A U.S.-backed peace envoy says he's optimistic about disarming Hamas — but the American public isn't buying it. In a survey of 136 respondents conducted in April 2026, nearly half described themselves as skeptical the Gaza disarmament plan will succeed, while just 13% said they were very optimistic.

That gap between official diplomatic framing and public sentiment isn't blind pessimism. It mirrors the actual state of talks: Hamas publicly called the disarmament demands "extremely dangerous" and refused to engage, Arab mediators privately assessed a deal as unlikely, and six months into the ceasefire, only 0.5% of Gaza's rubble has been cleared. The envoy's optimism is not widely shared — by the public, or by the diplomats closest to the negotiations.

When asked what should drive Middle East peace efforts, respondents split three ways: stopping violence immediately (39%), long-term political solutions (27%), and humanitarian aid and rebuilding (27%). No single approach commands a majority, signaling deep disagreement over where to start. And in open-ended responses, the obstacle respondents cited most was not history or religion — it was the negotiating parties' refusal to compromise.

Takeaway: How do you feel about the chances of success for the Gaza disarmament plan?
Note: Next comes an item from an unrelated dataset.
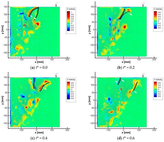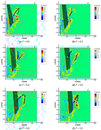 The position and cross-sectional shape of the two wings are clearly visible, and reflect the advancement of the MAV in the flight direction (i.e., towards the right) as time progresses. In the shaded region, the illumination is obstructed by the horizontal tail surface, which prevents meaningful measurements to be performed in that area. The white arrows have been inserted to indicate the relative motion of the wings with respect to each other, and it can be seen that shortly after stroke reversal, the wing flexibility results in an apparent rotation of the wings, with the wing LE and TE moving in opposite directions (see t* = 0.6, a similar behavior occurs near t* = 0.1). Also, in the early phase of the outstroke (see t* = 0.2) the visualization gives clear evidence of the “clap-and-peel” effect [14,19], where the rear part of the wings remain connected during much of the initial phase of the outstroke. As soon as the peel ends and the wing gap is opened, a strong downward flow between the wings is established, as can be seen at t* = 0.4, and which is maintained until the end of the instroke phase, see t* = 0.8.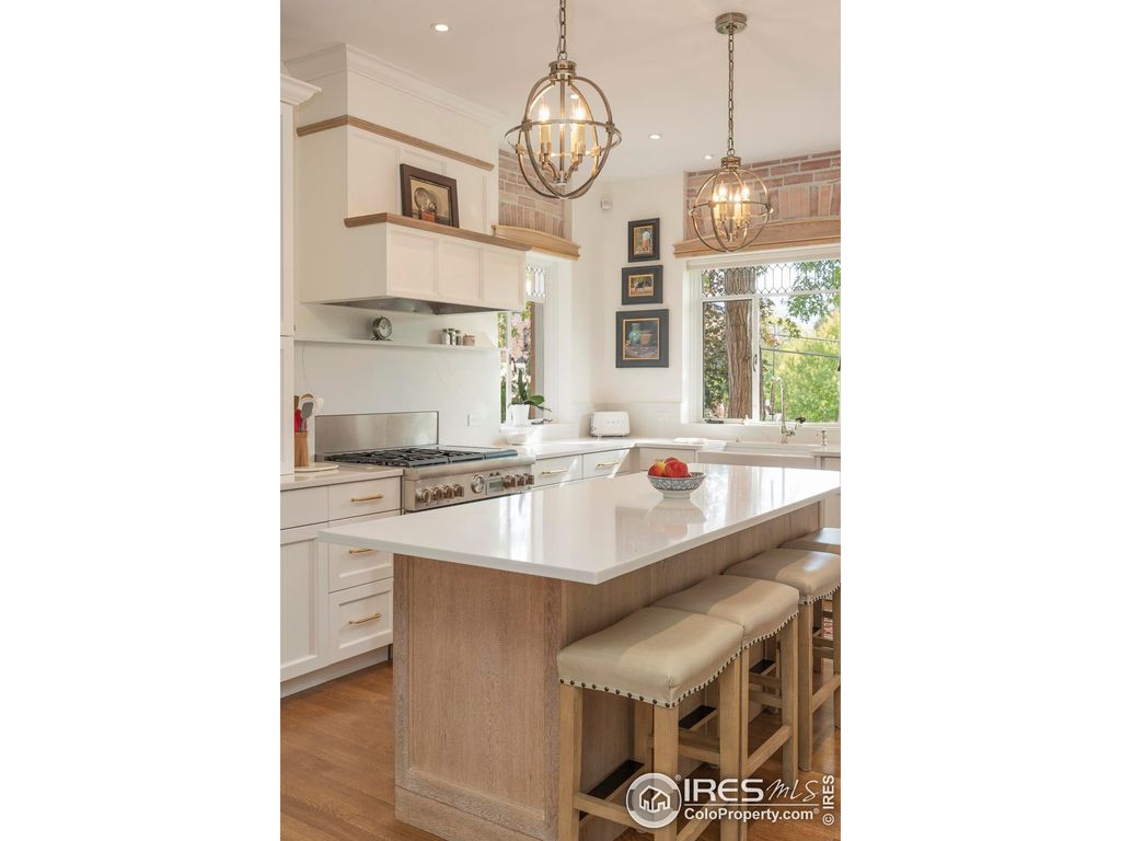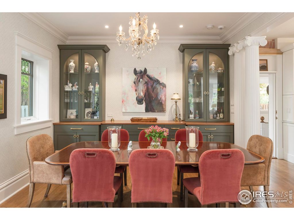 The iconic 1903 Moorhead House captures the enduring grace of Mapleton Hill while embracing impeccable design-forward living. Fully renovated just three years ago, exquisite craftsmanship shines through crystal chandeliers, oak floors, Ipe Brazilian wood deck, custom built-ins, and intricate woodwork. Intentional design reflects a sense of heritage and warmth, illuminated by natural light throughout the day. The expansive South facing front porch is a cherished retreat - perfect for quiet mornings or golden-hour evenings overlooking the lush gardens. For gatherings and dinners, an enclosed and private shaded brick patio off the kitchen offers an intimate setting beneath mature trees. Perched gracefully on a hill, leafy views in spring, summer, and fall and sweeping vistas of the Flatirons come winter- where elegance, light, and location converge. Enjoy a rare large and remodeled oversized 2-car garage plus an additional 2-car parking pad, and a fully fenced in lot. Modern conveniences include two appointed offices, and four bedrooms all fitted for king-size beds- each with ensuite full bathrooms. Just blocks from beloved cafes, Lolita's Market, wine shops, celebrated restaurants, and Sanitas Trailhead, this residence offers a seamless blend of historic character and modern convenience. Steps from Mapleton School park, three blocks to Pearl St., under a mile to the Farmer's Market and countless trails- this is downtown living at its finest!

Skeptical it will succeed44%
Somewhat hopeful but cautious36%
Very optimistic it will work13%
Other7%

Takeaway: How do you feel about the chances of success for the Gaza disarmament plan?

Context

In early April 2026, Nickolay Mladenov — the envoy appointed to lead the Trump-backed Board of Peace — told reporters he was "fairly optimistic" about brokering a Gaza disarmament arrangement, even as he acknowledged the talks were serious and not easy. The Board had given Hamas a deadline to accept a sequenced plan: destruction of the tunnel network and a phased weapons handover over eight months, with reconstruction funding unlocked only after verified demilitarization.

The announcement landed against a dire humanitarian backdrop. A World Bank rapid damage assessment released the same week estimated Gaza's reconstruction needs at $71.4 billion over ten years, with $26.3 billion needed in the first 18 months alone. More than 1.9 million people remain displaced. The economy has contracted 84%. Human development, by one measure, has been set back 77 years. And 77% of Gaza's population faces acute food insecurity — not as a consequence of the conflict's peak, but right now, six months into a ceasefire.

The Board of Peace itself is a contested institution. UN human rights experts publicly labeled it "an illegitimate maneuver backed by influential states motivated by nostalgia and greed," arguing it contradicts Palestinian rights to self-determination. Palestinians are not represented on the body. Reconstruction funding from Gulf and Western donors is explicitly conditioned on demilitarization — a sequencing that critics say uses humanitarian leverage as a political instrument.

This pulse survey asked 136 respondents to weigh in on four questions: their assessment of the disarmament plan's chances, what makes peace negotiations so difficult, how much they trust international envoys, and what the top priority in Middle East peace efforts should be. The results offer a real-time snapshot of public sentiment at a moment when the diplomatic window may be narrowing — and when the gap between official optimism and ground-level reality is unusually visible.

Findings

The public is skeptical — and the diplomats privately agree

Forty-four percent of respondents said they are skeptical the Gaza disarmament plan will succeed. Only 13% said they are very optimistic. Another 36% landed in the middle — somewhat hopeful but cautious — making the combined non-optimistic share more than 80% of respondents.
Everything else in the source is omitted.